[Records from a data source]
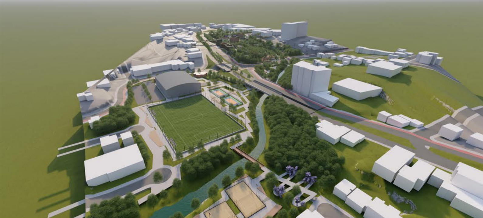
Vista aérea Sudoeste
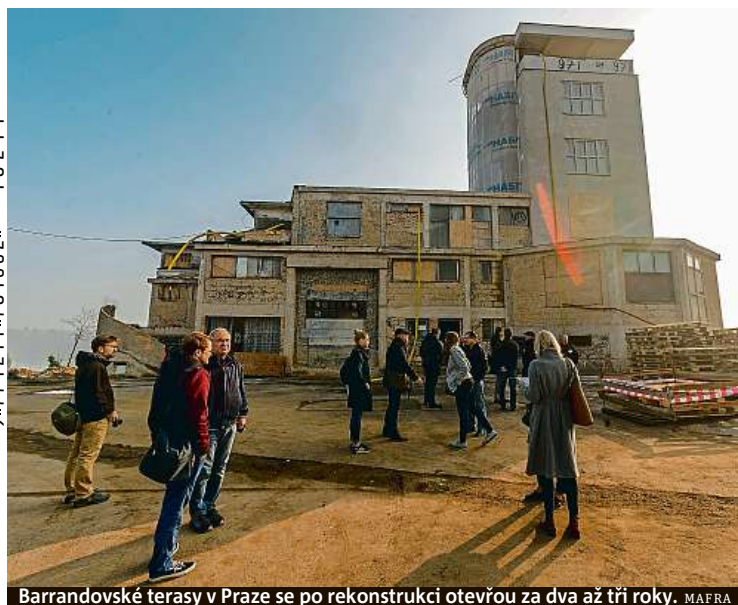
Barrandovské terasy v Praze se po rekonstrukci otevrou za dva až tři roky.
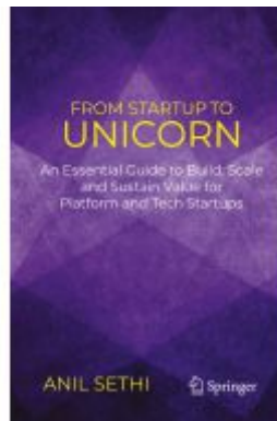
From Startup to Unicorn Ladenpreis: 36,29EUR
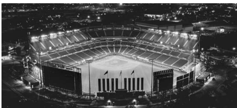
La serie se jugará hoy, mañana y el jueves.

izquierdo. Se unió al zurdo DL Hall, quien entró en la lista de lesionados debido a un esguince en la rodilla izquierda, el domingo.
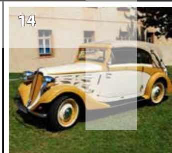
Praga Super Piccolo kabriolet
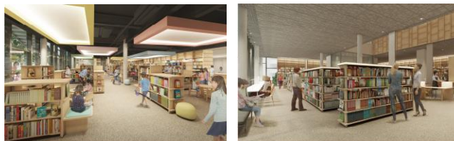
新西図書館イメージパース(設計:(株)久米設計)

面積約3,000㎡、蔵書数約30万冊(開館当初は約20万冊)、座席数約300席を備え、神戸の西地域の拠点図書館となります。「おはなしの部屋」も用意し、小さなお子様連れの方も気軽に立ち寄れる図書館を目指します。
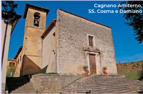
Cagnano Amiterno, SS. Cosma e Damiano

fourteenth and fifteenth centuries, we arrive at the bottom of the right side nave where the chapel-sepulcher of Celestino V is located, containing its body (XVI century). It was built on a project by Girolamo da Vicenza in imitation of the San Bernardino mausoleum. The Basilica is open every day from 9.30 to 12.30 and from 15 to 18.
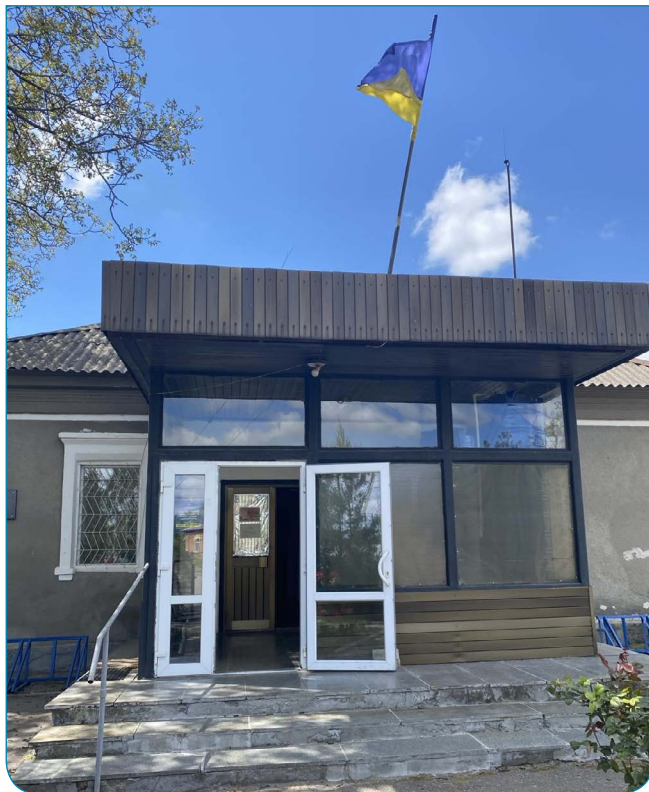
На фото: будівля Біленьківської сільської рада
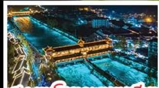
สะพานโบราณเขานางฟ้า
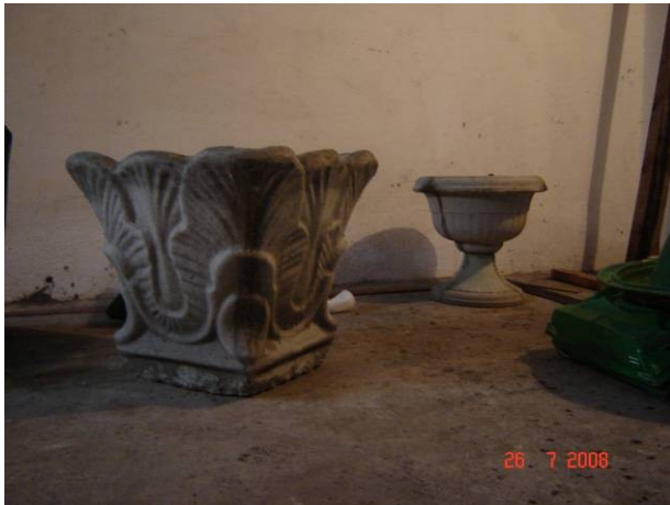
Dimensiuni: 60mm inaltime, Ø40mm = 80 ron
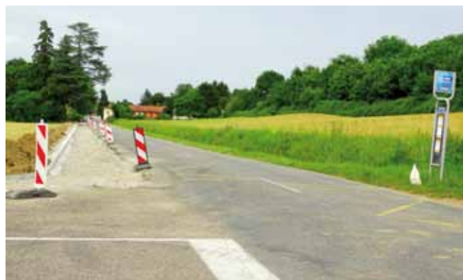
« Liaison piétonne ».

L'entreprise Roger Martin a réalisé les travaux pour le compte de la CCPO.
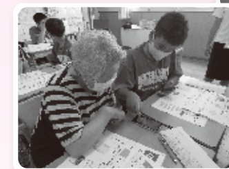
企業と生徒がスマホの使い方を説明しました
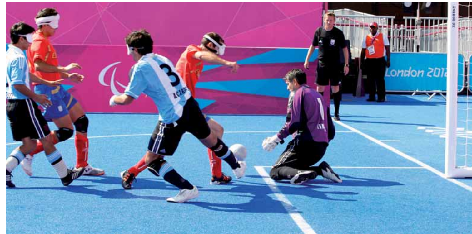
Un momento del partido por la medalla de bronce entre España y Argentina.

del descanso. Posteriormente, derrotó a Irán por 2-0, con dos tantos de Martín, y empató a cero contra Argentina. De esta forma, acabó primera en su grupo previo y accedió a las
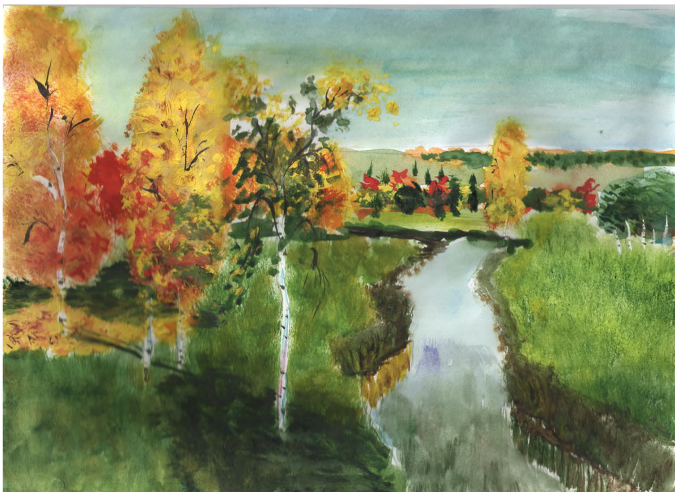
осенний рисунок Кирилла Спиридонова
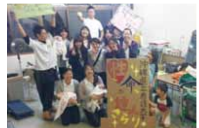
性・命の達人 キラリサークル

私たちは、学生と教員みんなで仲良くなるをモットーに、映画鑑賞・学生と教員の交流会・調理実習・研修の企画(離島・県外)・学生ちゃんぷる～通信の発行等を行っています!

Brief
Going from the line holding "สะพานโบราณเขานางฟ้า" to the last line of the data above, reproduce every line exactly, both included, with the pictures omitted.

Answer box
สะพานโบราณเขานางฟ้า
Dimensiuni: 60mm inaltime, Ø40mm = 80 ron
« Liaison piétonne ».

L'entreprise Roger Martin a réalisé les travaux pour le compte de la CCPO.
企業と生徒がスマホの使い方を説明しました
Un momento del partido por la medalla de bronce entre España y Argentina.

del descanso. Posteriormente, derrotó a Irán por 2-0, con dos tantos de Martín, y empató a cero contra Argentina. De esta forma, acabó primera en su grupo previo y accedió a las
осенний рисунок Кирилла Спиридонова
性・命の達人 キラリサークル

私たちは、学生と教員みんなで仲良くなるをモットーに、映画鑑賞・学生と教員の交流会・調理実習・研修の企画(離島・県外)・学生ちゃんぷる～通信の発行等を行っています!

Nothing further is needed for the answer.